Source: https://github.com/PaddlePaddle/PaddleClas/blob/release/2.2/deploy/lite/readme_en.md

mobilenet_url = "https://paddle-imagenet-models-name.bj.bcebos.com/dygraph/inference/MobileNetV3_large_x1_0_infer.tar"
mobilenetv3_model_path = Path("model/MobileNetV3_large_x1_0_infer/inference.pdmodel")
if mobilenetv3_model_path.is_file():
    print("Model MobileNetV3_large_x1_0 already exists")
else:
    # Download the model from the server, and untar it.
    print("Downloading the MobileNetV3_large_x1_0_infer model (20Mb)... May take a while...")
    # create a directory
    os.makedirs("model")
    urllib.request.urlretrieve(mobilenet_url, "model/MobileNetV3_large_x1_0_infer.tar")
    print("Model Downloaded")

    file = tarfile.open("model/MobileNetV3_large_x1_0_infer.tar")
    res = file.extractall("model")
    file.close()
    if (not res):
        print(f"Model Extracted to {mobilenetv3_model_path}.")
    else:
        print("Error Extracting the model.

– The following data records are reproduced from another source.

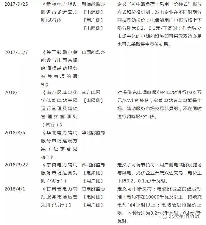 2016年6月7日,《關(guān)于促進(jìn)電儲(chǔ)能參與“三北”地區(qū)電力輔助服務(wù)補(bǔ)償(市場(chǎng))機(jī)制試點(diǎn)工作的通知》(以下簡(jiǎn)稱《通知》)正式發(fā)布。繼2014年《能源發(fā)展戰(zhàn)略行動(dòng)計(jì)劃(2014-2020年)》中首次將儲(chǔ)能列入重點(diǎn)創(chuàng)新領(lǐng)域后,《通知》首次將儲(chǔ)能和電力市場(chǎng)改革結(jié)合起來,明確了發(fā)電側(cè)/用戶側(cè)儲(chǔ)能作為獨(dú)立市場(chǎng)主體的地位,即“可以與機(jī)組聯(lián)合參與調(diào)峰調(diào)頻”;鼓勵(lì)企業(yè)探索發(fā)電側(cè)儲(chǔ)能和用戶側(cè)儲(chǔ)能的商業(yè)應(yīng)用模式。《通知》的發(fā)布從儲(chǔ)能身份、應(yīng)用價(jià)值等方面為儲(chǔ)能參與電力輔助服務(wù)開啟了一扇大門[8, 9]。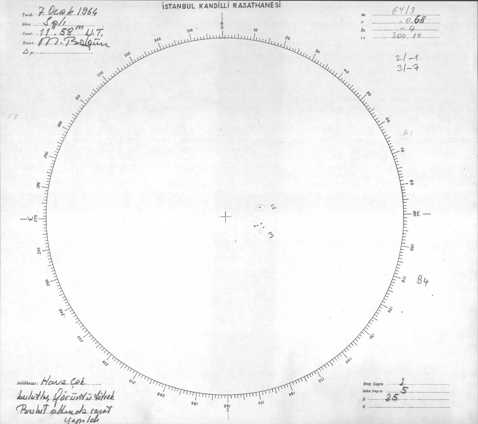 Güneş Lekesi Çizimi - 07.01.1964
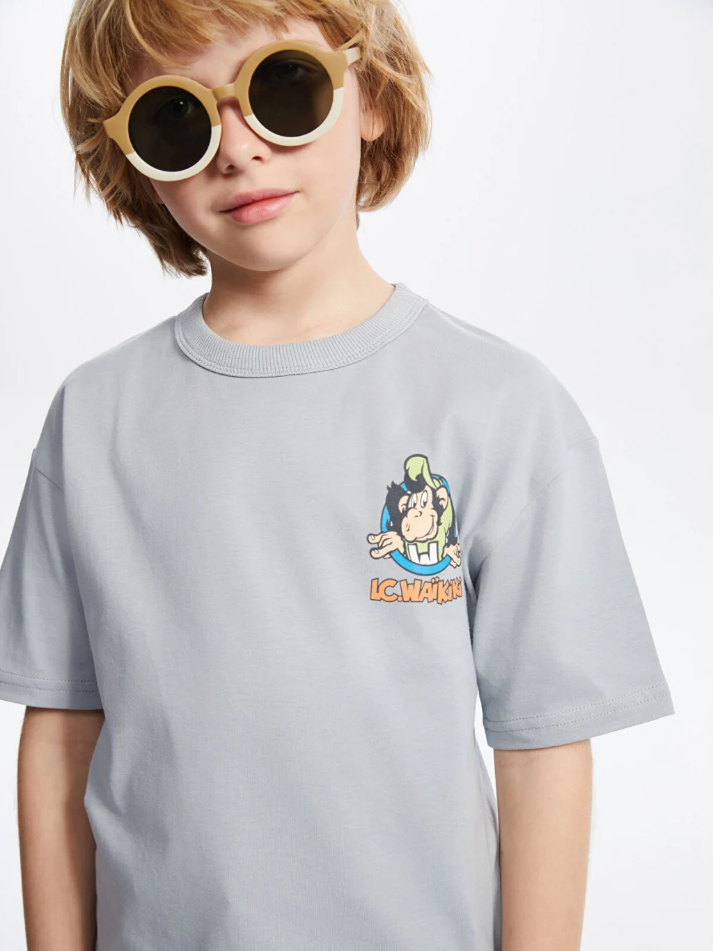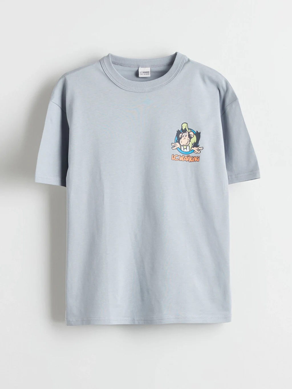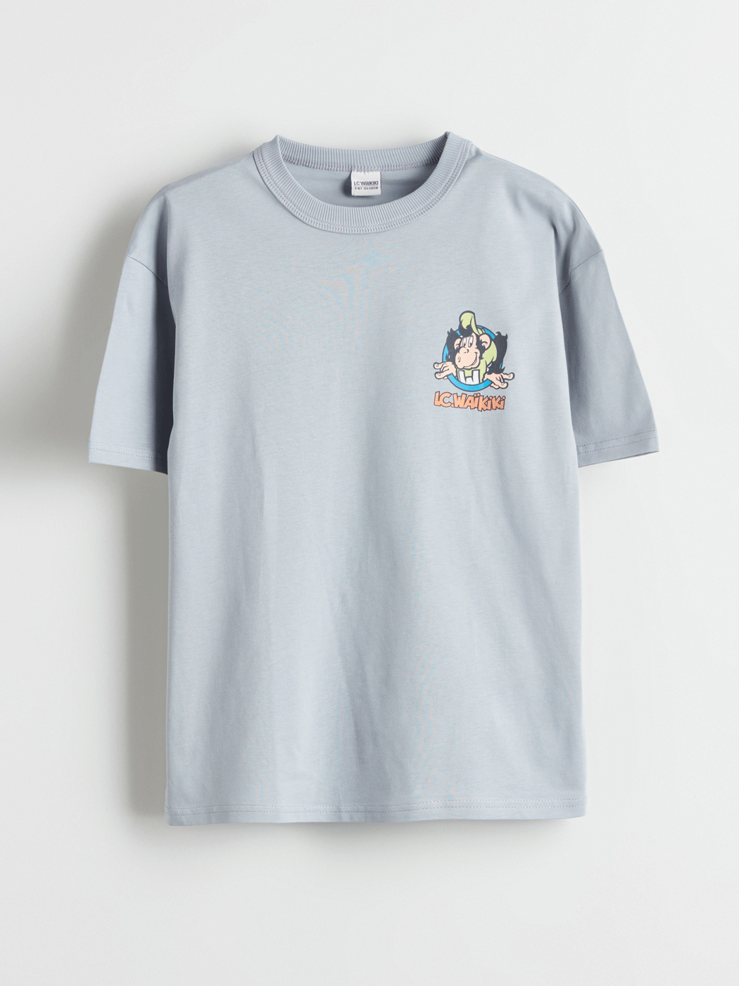 Standart kalıp erkek çocuk tişört, %100 pamuklu penye kumaştan üretilmiştir. Bisiklet yaka, kısa kollu ve sırtı baskılıdır.

Please check the network.")
Downloading the MobileNetV3_large_x1_0_infer model (20Mb)... May take a while...
Model Downloaded
Model Extracted to model/MobileNetV3_large_x1_0_infer/inference.pdmodel.

Define the callback function for postprocessing

def callback(infer_request, i) -> None:
    """
    Define the callback function for postprocessing

    :param: infer_request: the infer_request object
            i: the iteration of inference
    :retuns:
            None
    """
    imagenet_classes = json.loads(open("utils/imagenet_class_index.json").read())
    predictions = next(iter(infer_request.results.values()))
    indices = np.argsort(-predictions[0])
    if (i == 0):
        # Calculate the first inference time
        latency = (time.time() - start) * 1000
        print("first inference latency: {:.2f} ms".format(latency))
        for n in range(5):
            print(
                "class name: {}, probability: {:.5f}"
                .format(imagenet_classes[str(list(indices)[n])][1], predictions[0][list(indices)[n]])
            )

Read the model

OpenVINO Runtime reads the PaddlePaddle model directly.

# Intialize Inference Engine with Core()
ie = Core()
# MobileNetV3_large_x1_0
model = ie.read_model(mobilenetv3_model_path)
# get the information of intput and output layer
input_layer = model.input(0)
output_layer = model.output(0)

Integrate preprocessing steps into the execution graph with Preprocessing API

If your input data does not fit perfectly in the model input tensor additional operations/steps are needed to transform the data to a format expected by the model. These operations are known as “preprocessing”. Preprocessing steps are integrated into the execution graph and performed on the selected device(s) (CPU/GPU/VPU/etc.) rather than always executed on CPU. This improves utilization on the selected device(s).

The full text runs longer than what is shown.